Disclaimer: This article provides general legal information and does not constitute legal advice. Consult a licensed attorney in Minnesota for advice on your specific situation.
Detailed Answer
Under Minnesota law, paying property taxes on real estate does not by itself create an ownership interest, lien or equitable claim against that property. Minnesota’s conveyancing system requires a written, signed and properly recorded document—such as a deed or mortgage—to transfer or secure any real estate interest. See Minn. Stat. § 507.24 (Recording Required for Real Estate Instruments).
Here are three key points to understand:
- No Automatic Title Transfer: Simply covering another party’s tax bill does not substitute for a deed or other conveyance. The county treasurer does not issue title or partial ownership to a tax‐payer unless you purchase the tax certificate at a tax‐forfeiture sale.
- Tax‐Forfeiture Purchases: If property taxes go unpaid for several years, the county may initiate forfeiture proceedings under Minn. Stat. §§ 281.16–281.17. A third party may bid at the sheriff’s sale and, upon expiration of the statutory redemption period, obtain a deed. Paying past due taxes at such a sale is essentially a purchase, not a gift, and is governed by Minn. Stat. § 281.16.

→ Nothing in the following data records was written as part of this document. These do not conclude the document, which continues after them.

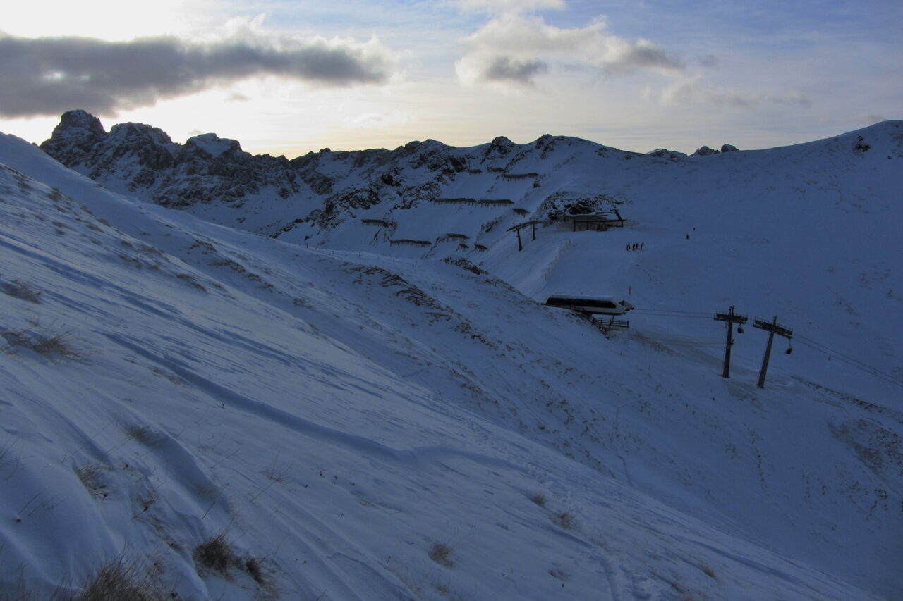 Kurzer Aufstieg und einfache Orientierung. Bei wenig Schnee ist der Wanderweg im unteren Teil nicht zu befahren. Die Abfahrt führt über einen Nordosthang. Folgende Ausrüstung wird empfohlen: Produkte für alpine Sicherheit im Schnee, Tourenski und Skitourenhelm. Es gibt verschiedene Restaurants zur Einkehr im Skigebiet. Beste Jahreszeit: Januar bis April. Uns erwarten kurze Stücke mit bis zu 30° Hangneigung.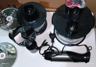 Set de electrodomésticos de cocina multifuncional de la marca MANDINE. Todas las cuchillas están en perfecto estado, porque nunca se han usado. CARACTERISTICAS: - Batidora adaptable a los accesorios. - Tiene regulación de velocidad exacta. - Tiene 2 botones de velocidad (I y II). - Funcionamiento y potencia PERFECTAS. - Es lo único que se ha usado y POCO. - Incluye Licuadora (NUNCA USADO). - Incluye Picadora (NUNCA USADO). - Incluye Batidora de varillas (SIN USO). - Incluye Cabezal Pasapurés (SIN USO). - Incluye DISCOS para pelar y trocear. - Estos discos NUNCA se ha USADO. - NO INCLUYE Cabezal Batidor estandar.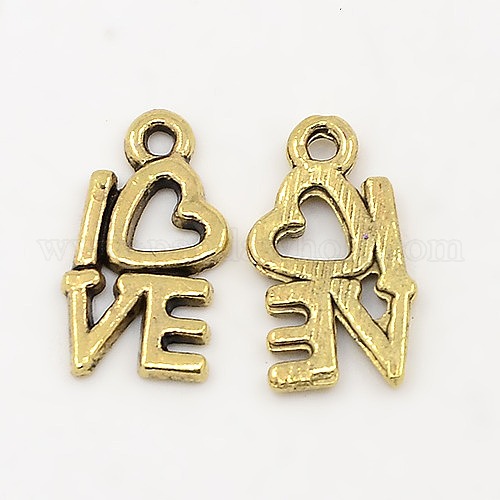 Идеи подарка дня влюбленных тибетский стиль сплава кулон, без свинца, любить, длиной около 14 мм , шириной 8 мм , толщиной 1 мм , отверстие : 1 мм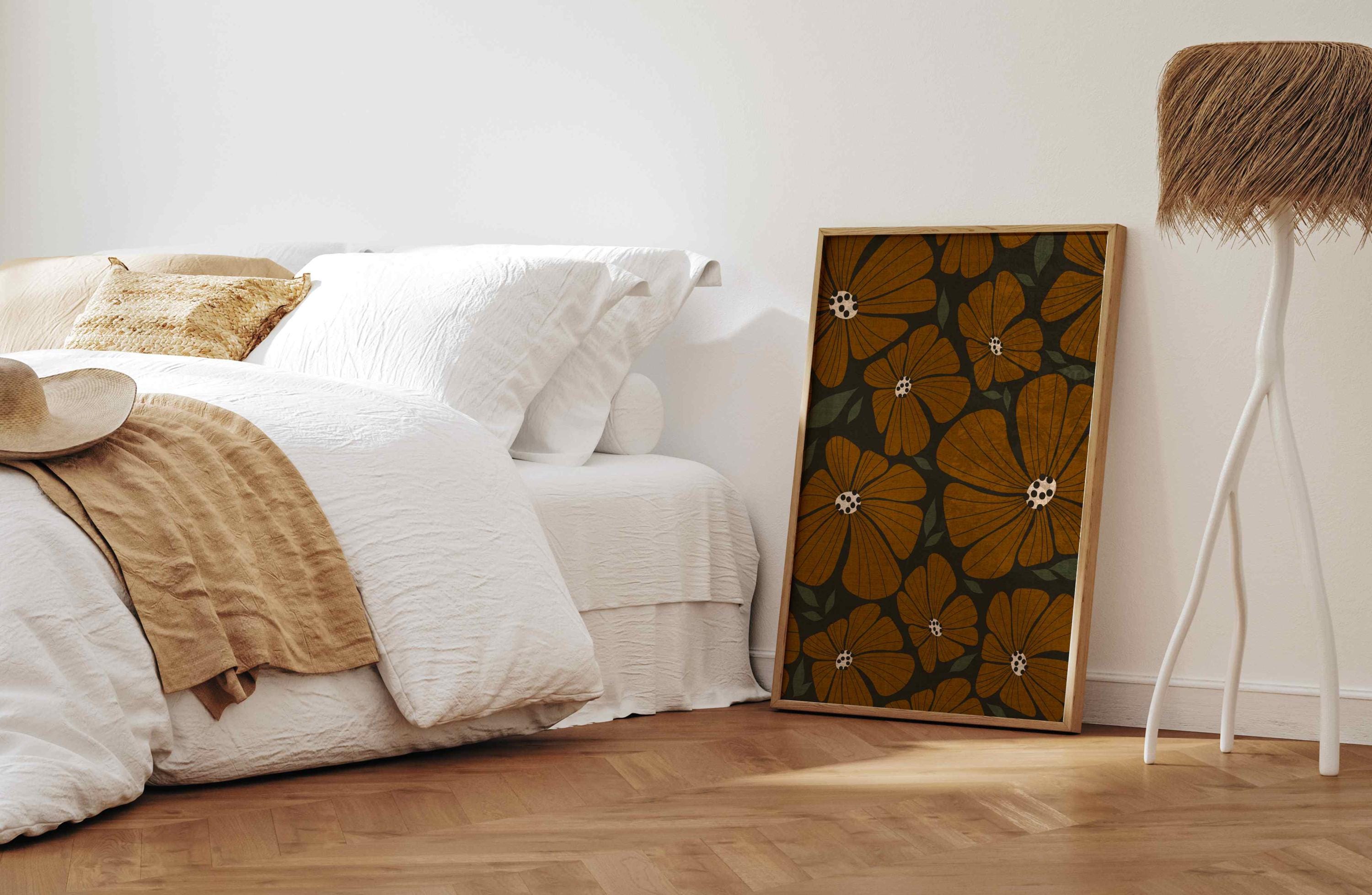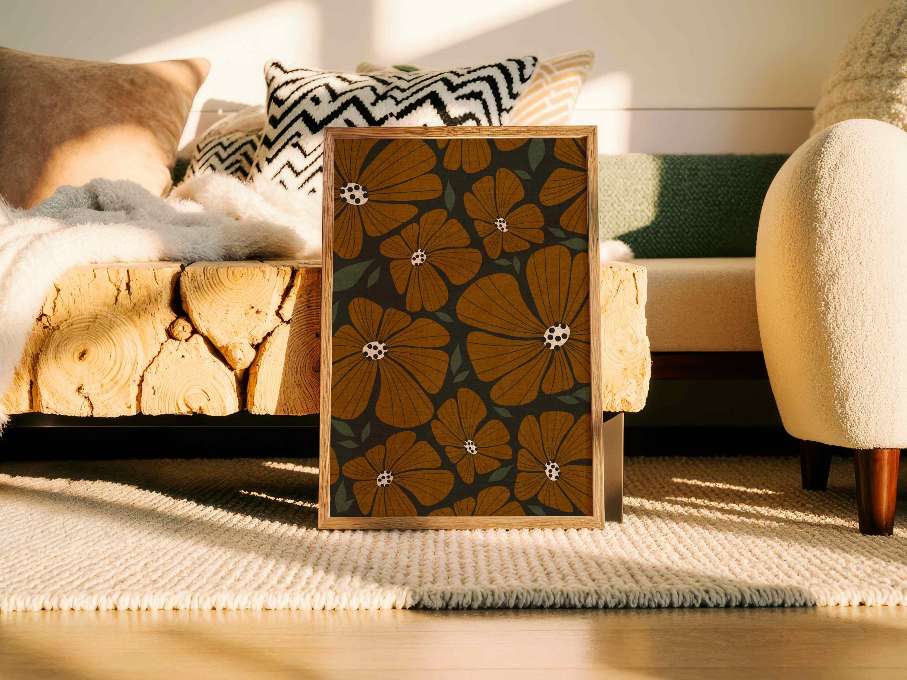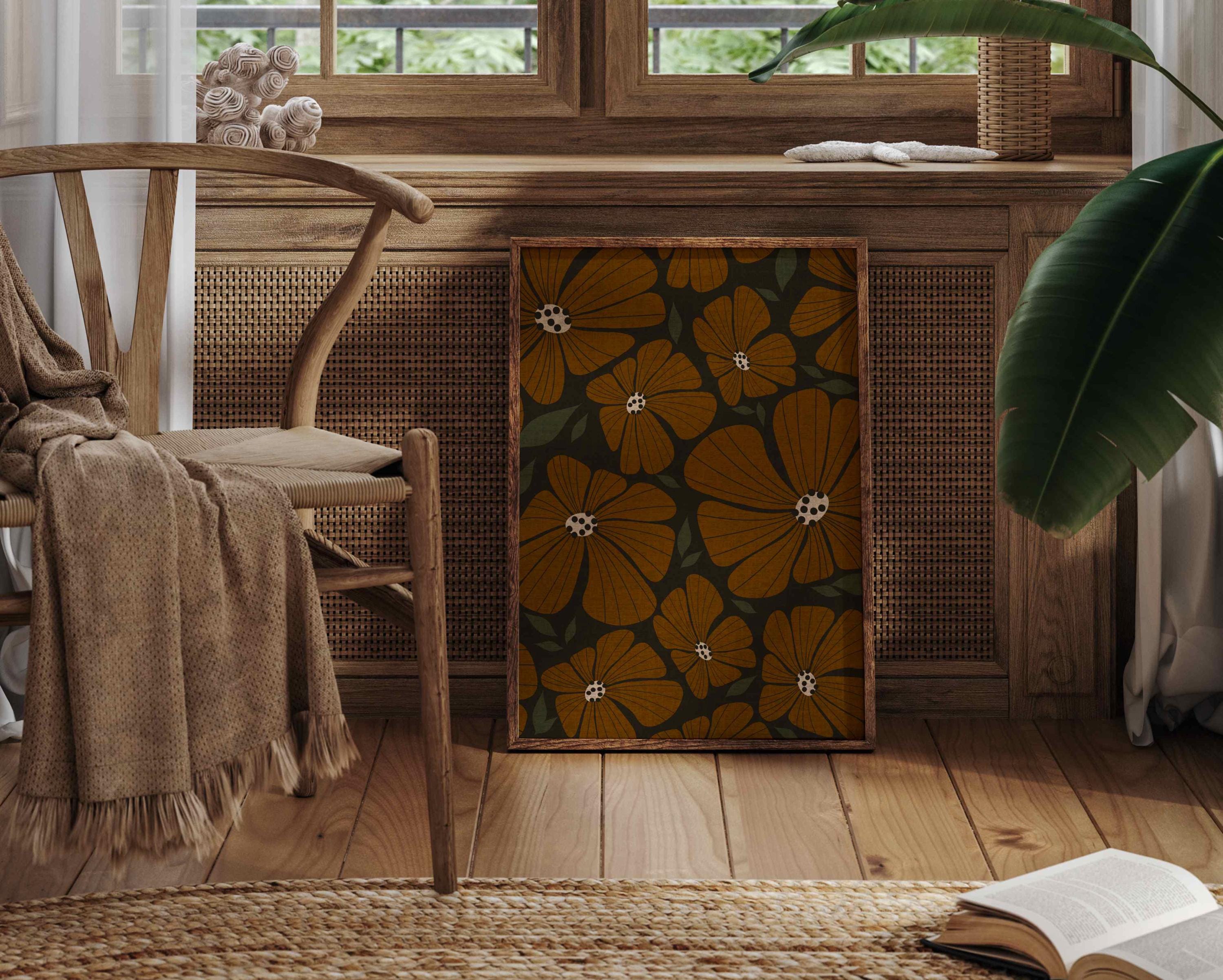 Retro flower print featuring an abstract 70s style botanical pattern in warm earthy colors. Inspired by retro florals and mid century modern design, this piece adds warmth to any living room, kitchen, office, or bedroom. Perfect for earth tone decor, modern boho interiors, and vintage-style spaces.

- Equitable Liens by Agreement: In limited cases, Minnesota courts recognize that a written agreement to pay property taxes or to maintain property may give rise to an equitable lien. You must show clear evidence of the parties’ intention that tax payments secure repayment of funds. Absent such an agreement, courts will not impose an equitable lien simply because you paid taxes.
When Paying Taxes Might Lead to Rights
If you and the property owner enter into a written agreement stating that your tax payments create a security interest or equitable lien, that document must be executed and (where appropriate) recorded. Consulting an attorney to draft or review your agreement helps ensure it meets Minnesota requirements.
Helpful Hints
- Obtain a written agreement: Clearly spell out any security interest or reimbursement right if you plan to pay someone else’s taxes.
- Record your interest: If you create an equitable lien by contract, consider recording a memorandum or lien notice in the county recorder’s office.
- Monitor tax notices: Watch for delinquencies or forfeiture filings under Minn. Stat. § 281.16 to protect your potential investment.
- Seek title insurance: If you plan to acquire property through tax sale, purchase title insurance to guard against hidden defects.
- Consult a real estate attorney: Professional advice helps you navigate forfeiture sales, lien issues and recording rules in Minnesota.